Friday, December 18, 2009

More bishops may quit over abuse scandal
More bishops may quit over abuse scandal
By John Cooney
Friday, 18 December 2009

Archbishop of Dublin Diarmuid Martin last night strongly signalled that his two auxiliary bishops, Eamonn Walsh and Raymond Field, will quit in the new year as Bishop of Kildare Jim Moriarty was on the brink of taking early retirement.

Hours after the expected resignation of Donal Murray as Bishop of Limerick, 73-year-old Bishop Moriarty, due to resign in two years' time, said he would go sooner if it would “serve the Church, the victims and the people” — in a clear hint he will bow out in 2010.

A spokesman for Bishop of Galway Martin Drennan, the fifth bishop implicated in the Murphy report, denied there was growing pressure on him to step down after a meeting of local clergy yesterday to discuss the fallout from the report.
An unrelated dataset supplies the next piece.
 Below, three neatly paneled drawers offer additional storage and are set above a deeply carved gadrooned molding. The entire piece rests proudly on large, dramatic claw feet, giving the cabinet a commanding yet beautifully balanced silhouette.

Bishop Drennan was a Dublin auxiliary bishop from 1997 to 2005. Despite his continued resistance to resignation calls, a ‘domino-effect' was emerging yesterday after Bishop Murray's resignation.

Bishop Murray made his announcement exactly three weeks after the publication of the damning Murphy report, which called his inadequate monitoring of Dublin paedophile priest Fr Tom Naughton “inexcusable”. The bells of Limerick's St John's Cathedral tolled his official departure at 11am Mass as Bishop Murray told a hushed congregation that Pope Benedict had accepted his resignation.
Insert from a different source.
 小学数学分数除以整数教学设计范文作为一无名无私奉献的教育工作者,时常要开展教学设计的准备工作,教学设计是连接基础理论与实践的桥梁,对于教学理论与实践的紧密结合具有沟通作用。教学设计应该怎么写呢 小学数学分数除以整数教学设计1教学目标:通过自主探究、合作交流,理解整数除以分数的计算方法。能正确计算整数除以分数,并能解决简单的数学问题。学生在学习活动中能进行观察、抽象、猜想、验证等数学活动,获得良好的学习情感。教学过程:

Bishop Murray “humbly apologised” to victims abused by priests as children and said he knew full well that his resignation could “not undo the pain that survivors of abuse have suffered in the past and continue to suffer each day”.

In a strongly worded statement last night, Dr Martin indicated that the list of fallen bishops would expand after he completes a review in the early new year of how to restore confidence in Dublin archdiocese.

“I believe Bishop Donal Murray did the right thing, for his diocese and for the wider Irish Church and I appreciate the personal difficulty and pressure he has been under,” he added.

Dr Martin revealed he would be meeting “those in this diocese who were named in the report” about radical changes he wanted made. This was a clear reference to the roles of auxiliary bishops Eamonn Walsh and Ray Field, former chancellor Alex Stenson and the present chancellor, Monsignor John Dolan.

“This will not be complete until early in the new year and I will not discuss it publicly before,” said the archbishop. “There will be wider consultations also,” he added in a veiled reference to Rome, the Papal Nuncio and the Conference of Irish Bishops.

“This is without doubt, a period of deep crisis... Priests and people of this diocese see that there can be no healing without radical change. Along with many others, I am committed to that change.”